Include the line with "Средняя выручка в" and every line before it in the entries below, echoed exactly, but not the pictures.

=== Records from a data collection ===
== Segment start ==
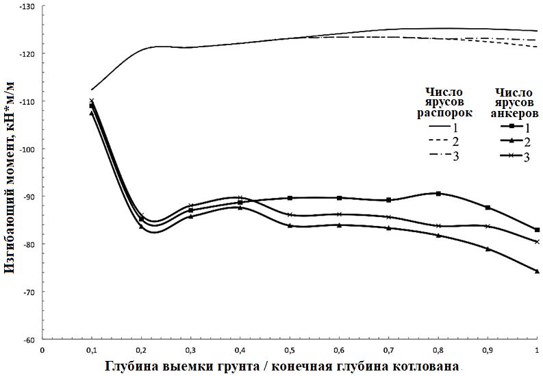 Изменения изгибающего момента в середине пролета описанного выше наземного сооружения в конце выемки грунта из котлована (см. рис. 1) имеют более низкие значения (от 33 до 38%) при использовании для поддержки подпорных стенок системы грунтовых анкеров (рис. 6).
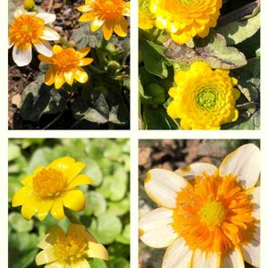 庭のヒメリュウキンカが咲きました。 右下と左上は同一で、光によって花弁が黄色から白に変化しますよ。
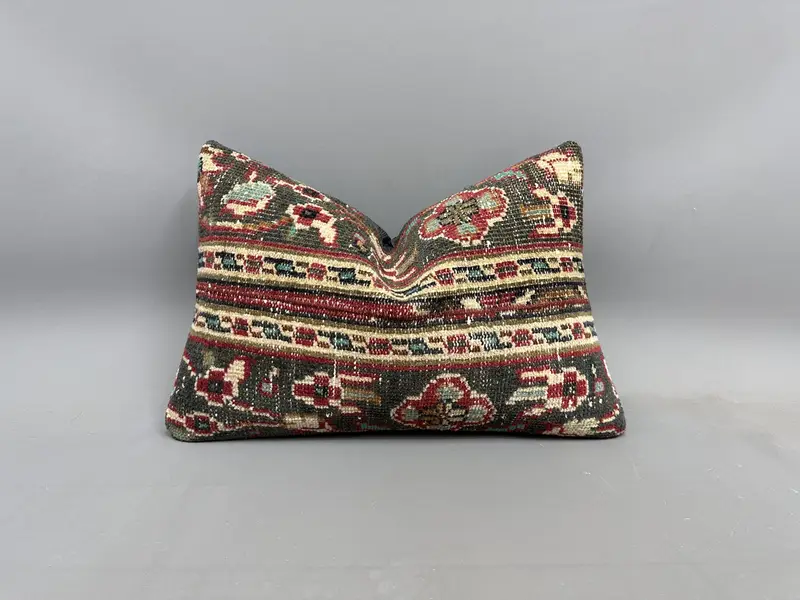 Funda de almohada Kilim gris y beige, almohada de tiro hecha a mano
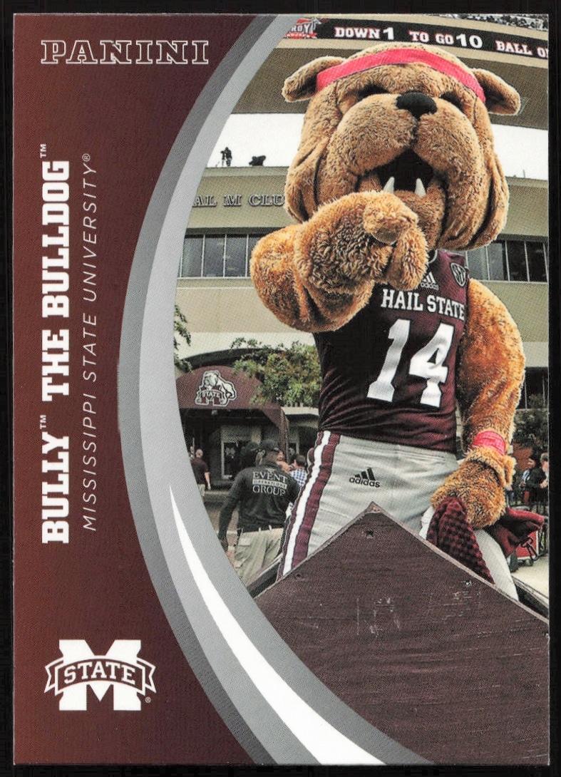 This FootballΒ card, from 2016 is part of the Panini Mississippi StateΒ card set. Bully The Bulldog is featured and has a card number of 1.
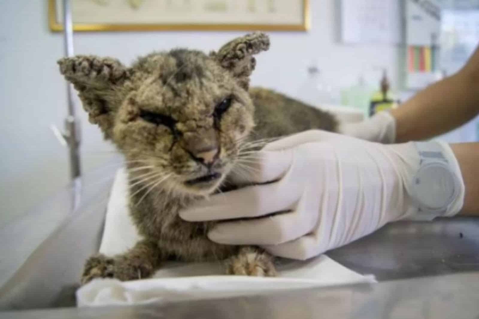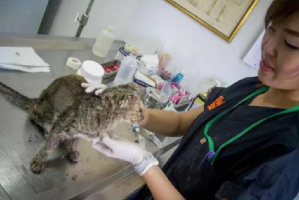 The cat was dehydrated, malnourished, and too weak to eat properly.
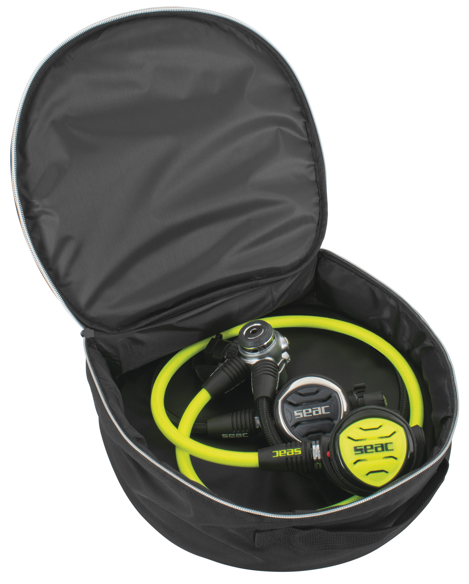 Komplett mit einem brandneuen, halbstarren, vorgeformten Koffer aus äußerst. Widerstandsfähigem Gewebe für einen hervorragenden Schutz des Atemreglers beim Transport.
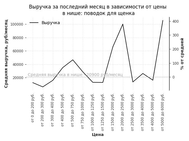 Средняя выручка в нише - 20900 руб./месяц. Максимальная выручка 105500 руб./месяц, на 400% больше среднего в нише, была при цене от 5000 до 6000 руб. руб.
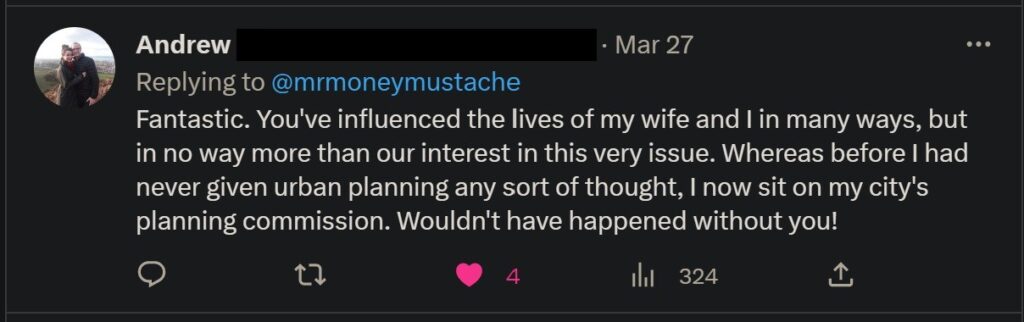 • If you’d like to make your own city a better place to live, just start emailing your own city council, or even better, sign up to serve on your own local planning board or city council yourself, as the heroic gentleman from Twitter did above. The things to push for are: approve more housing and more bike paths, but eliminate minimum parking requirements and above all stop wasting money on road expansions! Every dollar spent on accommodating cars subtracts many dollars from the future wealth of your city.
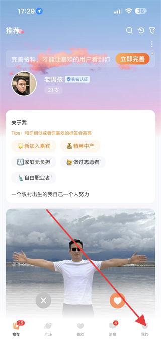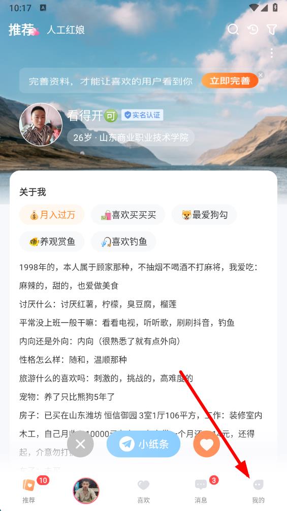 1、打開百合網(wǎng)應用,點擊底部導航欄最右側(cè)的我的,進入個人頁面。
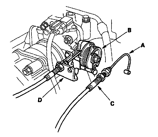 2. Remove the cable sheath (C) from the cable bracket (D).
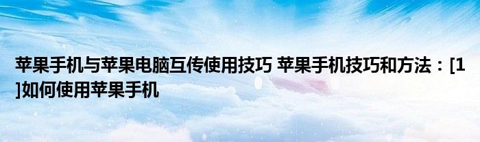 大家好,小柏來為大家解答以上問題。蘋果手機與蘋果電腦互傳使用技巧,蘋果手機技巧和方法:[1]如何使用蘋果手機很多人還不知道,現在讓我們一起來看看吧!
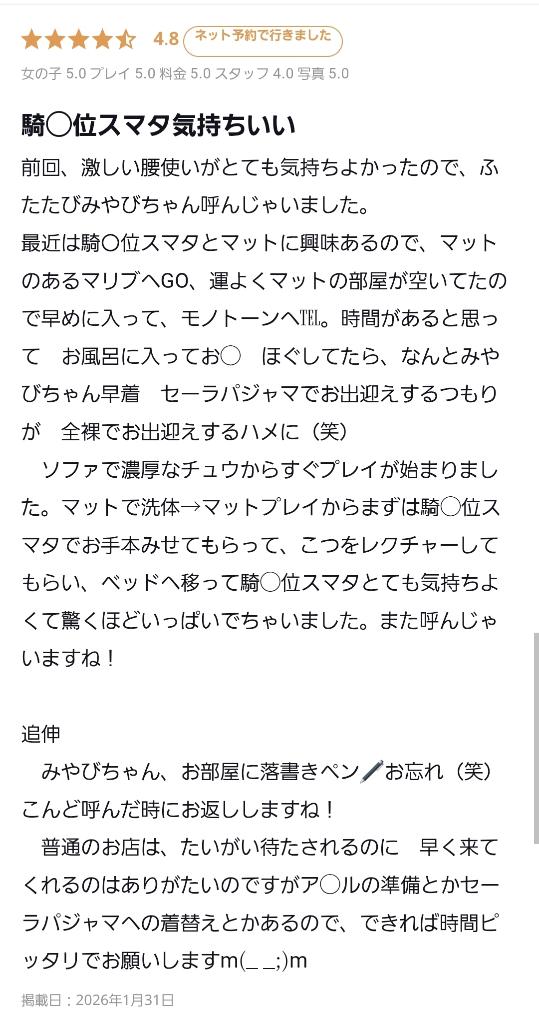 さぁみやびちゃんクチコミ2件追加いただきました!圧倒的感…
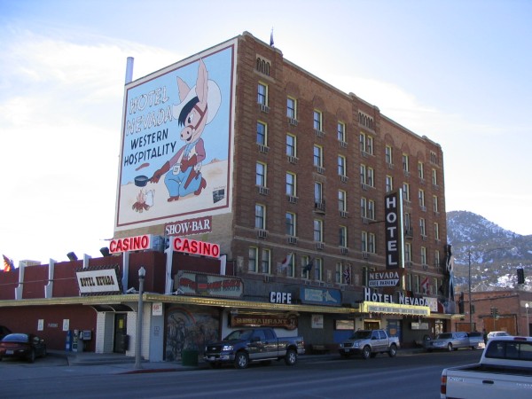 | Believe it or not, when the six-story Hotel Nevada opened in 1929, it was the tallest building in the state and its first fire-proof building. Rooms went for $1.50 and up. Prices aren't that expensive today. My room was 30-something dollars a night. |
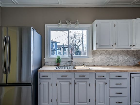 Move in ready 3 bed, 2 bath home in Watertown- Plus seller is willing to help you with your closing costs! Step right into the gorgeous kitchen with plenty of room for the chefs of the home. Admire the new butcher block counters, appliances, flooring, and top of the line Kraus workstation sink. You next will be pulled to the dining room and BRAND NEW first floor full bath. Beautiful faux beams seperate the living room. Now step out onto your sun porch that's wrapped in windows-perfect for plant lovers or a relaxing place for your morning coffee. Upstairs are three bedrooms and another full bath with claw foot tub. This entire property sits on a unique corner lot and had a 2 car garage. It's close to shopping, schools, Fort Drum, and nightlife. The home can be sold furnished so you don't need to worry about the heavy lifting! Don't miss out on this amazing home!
== Segment end ==
=== Output for this task ===
 Изменения изгибающего момента в середине пролета описанного выше наземного сооружения в конце выемки грунта из котлована (см. рис. 1) имеют более низкие значения (от 33 до 38%) при использовании для поддержки подпорных стенок системы грунтовых анкеров (рис. 6).
 庭のヒメリュウキンカが咲きました。 右下と左上は同一で、光によって花弁が黄色から白に変化しますよ。
 Funda de almohada Kilim gris y beige, almohada de tiro hecha a mano
 This FootballΒ card, from 2016 is part of the Panini Mississippi StateΒ card set. Bully The Bulldog is featured and has a card number of 1.
 The cat was dehydrated, malnourished, and too weak to eat properly.
 Komplett mit einem brandneuen, halbstarren, vorgeformten Koffer aus äußerst. Widerstandsfähigem Gewebe für einen hervorragenden Schutz des Atemreglers beim Transport.
 Средняя выручка в нише - 20900 руб./месяц. Максимальная выручка 105500 руб./месяц, на 400% больше среднего в нише, была при цене от 5000 до 6000 руб. руб.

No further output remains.